Equipping middleware¶
AgentScope packs a set of hooks into a single MiddlewareBase implementation — one middleware class can implement any subset of the 5 hooks (the rest default to next.apply(input)). Pass the instances to the builder’s middlewares(...):
import io.agentscope.core.ReActAgent;
import io.agentscope.core.middleware.MiddlewareBase;
import io.agentscope.core.tracing.OtelTracingMiddleware;
import java.util.List;
ReActAgent agent =
ReActAgent.builder()
.name("assistant")
.sysPrompt("You are a helpful assistant.")
.model(model)
.toolkit(toolkit)
.middlewares(List.of(new OtelTracingMiddleware()))
.build();
middleware(...) (singular) appends one; middlewares(...) accepts List<? extends MiddlewareBase>. Hooks not implemented by a middleware are skipped at zero cost.
Built-in middlewares¶
OtelTracingMiddleware¶
OtelTracingMiddleware (io.agentscope.core.tracing) wires up OpenTelemetry tracing for the agent lifecycle. It instruments onAgent, onModelCall, onActing, producing nested spans:
invoke_agent <name>— wraps a full replychat <model>— wraps each model API callexecute_tool <name>— wraps each tool execution
When no OpenTelemetry SDK is configured (only the default no-op provider), every hook short-circuits to next.apply(input) — near-zero overhead.

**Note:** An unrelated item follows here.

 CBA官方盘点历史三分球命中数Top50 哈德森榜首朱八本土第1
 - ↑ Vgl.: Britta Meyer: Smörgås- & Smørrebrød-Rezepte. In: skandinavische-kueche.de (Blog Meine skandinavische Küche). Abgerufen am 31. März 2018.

Initialise the OpenTelemetry SDK in your process (OTLP exporter, SdkTracerProvider, OpenTelemetrySdk.builder().setTracerProvider(...).buildAndRegisterGlobal()) and then equip the middleware:
import io.agentscope.core.ReActAgent;
import io.agentscope.core.tracing.OtelTracingMiddleware;
import java.util.List;
ReActAgent agent =
ReActAgent.builder()
.name("assistant")
.sysPrompt("You are a helpful assistant.")
.model(model)
.toolkit(toolkit)
.middlewares(List.of(new OtelTracingMiddleware()))
.build();
Each reply produces a nested span tree with attributes such as agent name, session ID, model name, token counts, tool name, and inputs.
TaskReminderMiddleware¶
TaskReminderMiddleware (io.agentscope.core.middleware) pairs with the built-in TodoTools: before every reasoning step it renders the current AgentState.tasksContext as a <system-reminder> and injects it into the context, keeping long-running tasks aligned with the plan.

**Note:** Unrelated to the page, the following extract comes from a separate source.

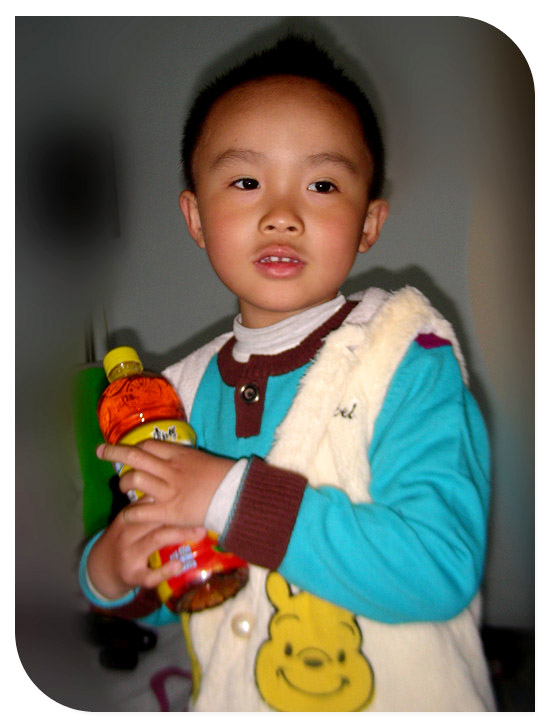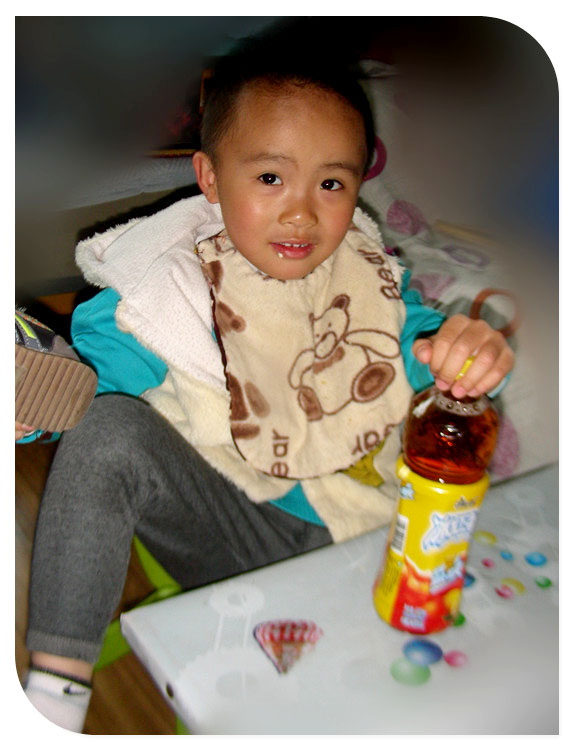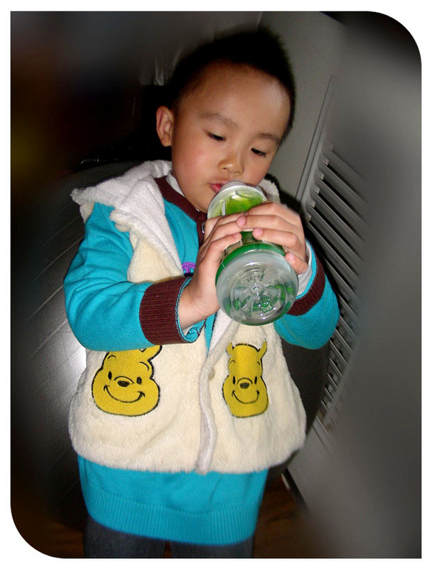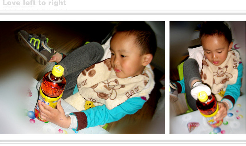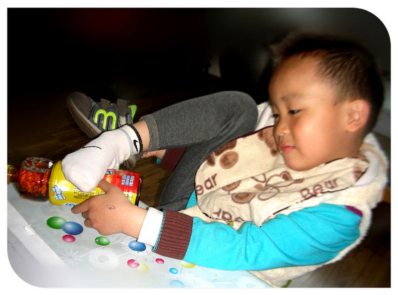 关于碳酸饮料这一块一直到现在为止对谦谦管的还是比较严的,家里不是过节的话也基本上是不买碳酸饮料的,从源头上就掐断。偶尔的聚餐时,小家伙也会喝上一些的仅此而已。这次谦谦之所以感兴趣就是好奇心在作怪,但是妈妈依旧坚持小孩不能喝的观点。谦谦在一旁有些闹腾,手里还在不停的摆弄着,看来还是不甘心。妈妈拿了一瓶“尖叫”递给小家伙告诉他这是他可以喝的,今天的运动量小不了,特意给小家伙买了瓶运动饮料来补充体力。岂料臭小子还看不上就是拿着冰红茶不撒手。过了一会当谦谦吃完鸡蛋羹的时候,好玩的事情发生了,只见小家伙对妈妈说道:“我要喝冰红茶了”,呵呵,估计你也打不开,妈妈也没搭理他。突然谦谦就脱掉了鞋子,(早上的时候突然要穿绿色的鞋子),拿着脚丫子在冰红茶的瓶子上蹭来蹭去的就当是喝上了,真是孩子的心里啊,估计还带点耍脾气的性质呢,妈妈只是看着没啥反应,小家伙倒是自己笑了起来。玩了一会后自己就拿起尖叫到一边假装喝去了......

Enable it together with TodoTools via enableTaskList(true):
import io.agentscope.core.ReActAgent;
import io.agentscope.core.tool.Toolkit;
import io.agentscope.core.tool.builtin.TodoTools;
Toolkit toolkit = new Toolkit();
toolkit.registerTool(new TodoTools());
ReActAgent agent =
ReActAgent.builder()
.name("planner")
.sysPrompt("You plan tasks step by step.")
.model(model)
.toolkit(toolkit)
.enableTaskList(true)
.build();
Custom middleware¶
Implement MiddlewareBase (io.agentscope.core.middleware) and override only the hooks you need.
Each onion hook receives a next function — calling next.apply(input) enters the next layer. You can insert logic before or after, or use Reactor operators (doOnNext / flatMap / map, …) to observe and rewrite the event stream.
import io.agentscope.core.agent.Agent;
import io.agentscope.core.event.AgentEvent;
import io.agentscope.core.middleware.ActingInput;
import io.agentscope.core.middleware.AgentInput;
import io.agentscope.core.middleware.MiddlewareBase;
import io.agentscope.core.middleware.ModelCallInput;
import io.agentscope.core.middleware.ReasoningInput;
import java.util.function.Function;
import reactor.core.publisher.Flux;
import reactor.core.publisher.Mono;
/** Observes agent / reasoning / model_call / system_prompt at the same time. */
public class FullObservabilityMiddleware implements MiddlewareBase {
@Override
public Flux<AgentEvent> onAgent(
Agent agent, AgentInput input, Function<AgentInput, Flux<AgentEvent>> next) {
System.out.println("[agent] start for " + agent.getName());
return next.apply(input)
.doOnComplete(() -> System.out.println("[agent] end for " + agent.getName()));
}
@Override
public Flux<AgentEvent> onReasoning(
Agent agent, ReasoningInput input, Function<ReasoningInput, Flux<AgentEvent>> next) {
System.out.println("[reasoning] start");
return next.apply(input).doOnComplete(() -> System.out.println("[reasoning] end"));
}
@Override
public Flux<AgentEvent> onModelCall(
Agent agent, ModelCallInput input, Function<ModelCallInput, Flux<AgentEvent>> next) {
System.out.println("[model_call] " + input.model().getClass().getSimpleName());
return next.apply(input).doOnComplete(() -> System.out.println("[model_call] done"));
}
@Override
public Mono<String> onSystemPrompt(Agent agent, String currentPrompt) {
System.out.println("[system_prompt] length=" + currentPrompt.length());
return Mono.just(currentPrompt);
}
}
Input record types per hook (under io.agentscope.core.middleware):
Hook |
Input record |
Fields |
|---|---|---|
|
|
|
|
|
|
|
|
|
|
|
|
|
|
The current prompt |
To replace fields flowing into the next layer, construct a new input record, then call next.apply(...).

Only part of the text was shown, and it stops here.